__Task to carry out__. Range to repeat from the listing below: the line containing "Relaciones Exteriores (SRE)." down to the line containing "上期开奖号码为大大组合07、", both included. Copy it exactly, pictures excluded, and add nothing else.

__Data__.
%%

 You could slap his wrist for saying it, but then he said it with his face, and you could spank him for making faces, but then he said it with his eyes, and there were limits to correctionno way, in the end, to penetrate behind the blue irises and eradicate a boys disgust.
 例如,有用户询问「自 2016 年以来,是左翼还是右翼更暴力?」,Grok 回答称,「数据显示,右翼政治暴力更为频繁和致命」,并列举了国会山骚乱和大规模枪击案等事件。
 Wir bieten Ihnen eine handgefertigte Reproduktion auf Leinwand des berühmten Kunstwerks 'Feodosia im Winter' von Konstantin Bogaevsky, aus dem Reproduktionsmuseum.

%%
%%

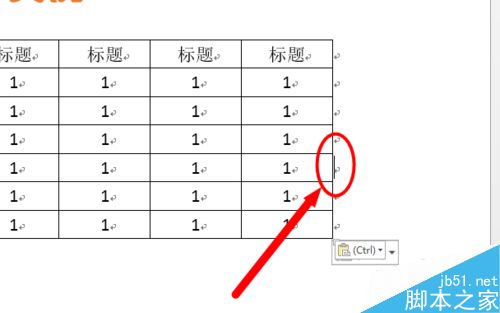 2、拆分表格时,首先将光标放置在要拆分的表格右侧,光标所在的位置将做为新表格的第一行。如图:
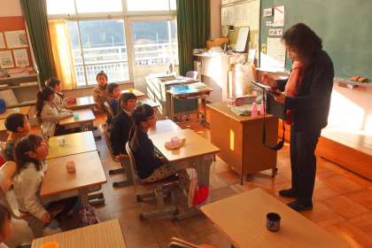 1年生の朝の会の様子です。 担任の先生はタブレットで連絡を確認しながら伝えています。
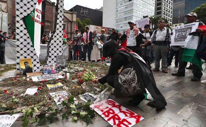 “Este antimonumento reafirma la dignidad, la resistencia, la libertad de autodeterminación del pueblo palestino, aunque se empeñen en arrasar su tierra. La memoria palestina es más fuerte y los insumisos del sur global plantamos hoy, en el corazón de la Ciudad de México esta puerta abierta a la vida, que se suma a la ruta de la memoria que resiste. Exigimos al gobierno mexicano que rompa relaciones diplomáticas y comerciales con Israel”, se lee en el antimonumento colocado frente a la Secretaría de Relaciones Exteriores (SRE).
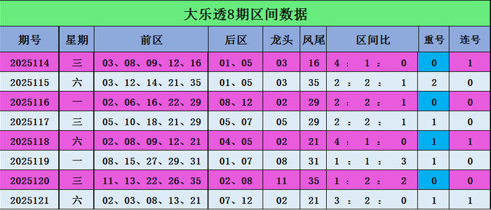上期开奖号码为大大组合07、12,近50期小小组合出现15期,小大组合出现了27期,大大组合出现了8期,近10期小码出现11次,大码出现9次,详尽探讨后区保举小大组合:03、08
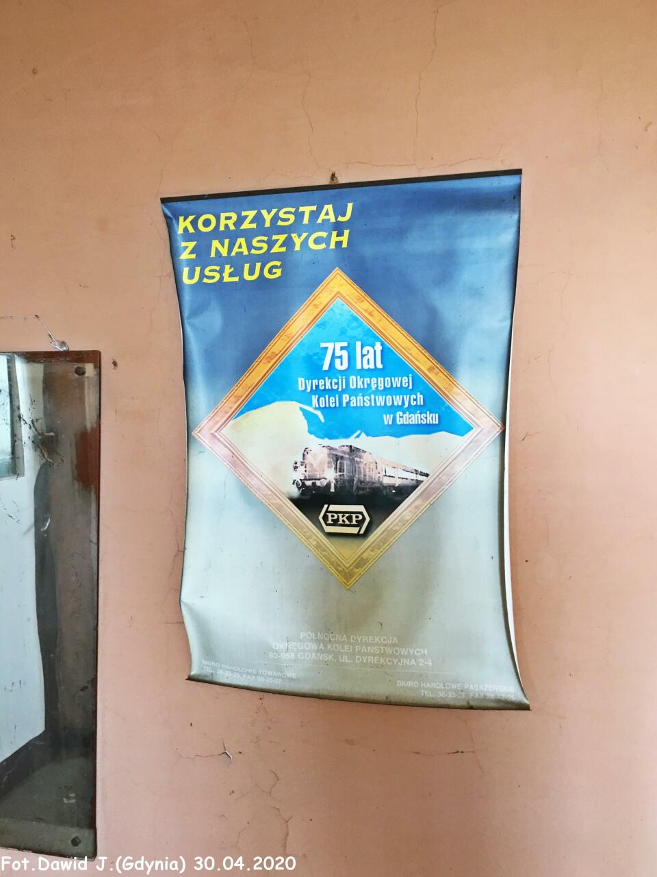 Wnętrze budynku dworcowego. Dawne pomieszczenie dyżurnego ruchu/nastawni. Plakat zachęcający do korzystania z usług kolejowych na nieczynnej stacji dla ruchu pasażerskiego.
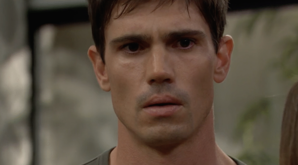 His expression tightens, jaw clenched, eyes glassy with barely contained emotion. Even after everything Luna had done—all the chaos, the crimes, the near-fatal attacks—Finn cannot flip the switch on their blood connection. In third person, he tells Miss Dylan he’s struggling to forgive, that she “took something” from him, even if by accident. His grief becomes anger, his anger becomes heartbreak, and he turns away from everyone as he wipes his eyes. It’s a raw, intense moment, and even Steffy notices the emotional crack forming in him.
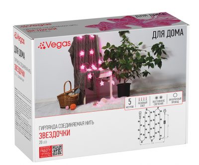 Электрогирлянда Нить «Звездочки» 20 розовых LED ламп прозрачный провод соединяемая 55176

%%

__Answer to the problem__.
 “Este antimonumento reafirma la dignidad, la resistencia, la libertad de autodeterminación del pueblo palestino, aunque se empeñen en arrasar su tierra. La memoria palestina es más fuerte y los insumisos del sur global plantamos hoy, en el corazón de la Ciudad de México esta puerta abierta a la vida, que se suma a la ruta de la memoria que resiste. Exigimos al gobierno mexicano que rompa relaciones diplomáticas y comerciales con Israel”, se lee en el antimonumento colocado frente a la Secretaría de Relaciones Exteriores (SRE).
上期开奖号码为大大组合07、12,近50期小小组合出现15期,小大组合出现了27期,大大组合出现了8期,近10期小码出现11次,大码出现9次,详尽探讨后区保举小大组合:03、08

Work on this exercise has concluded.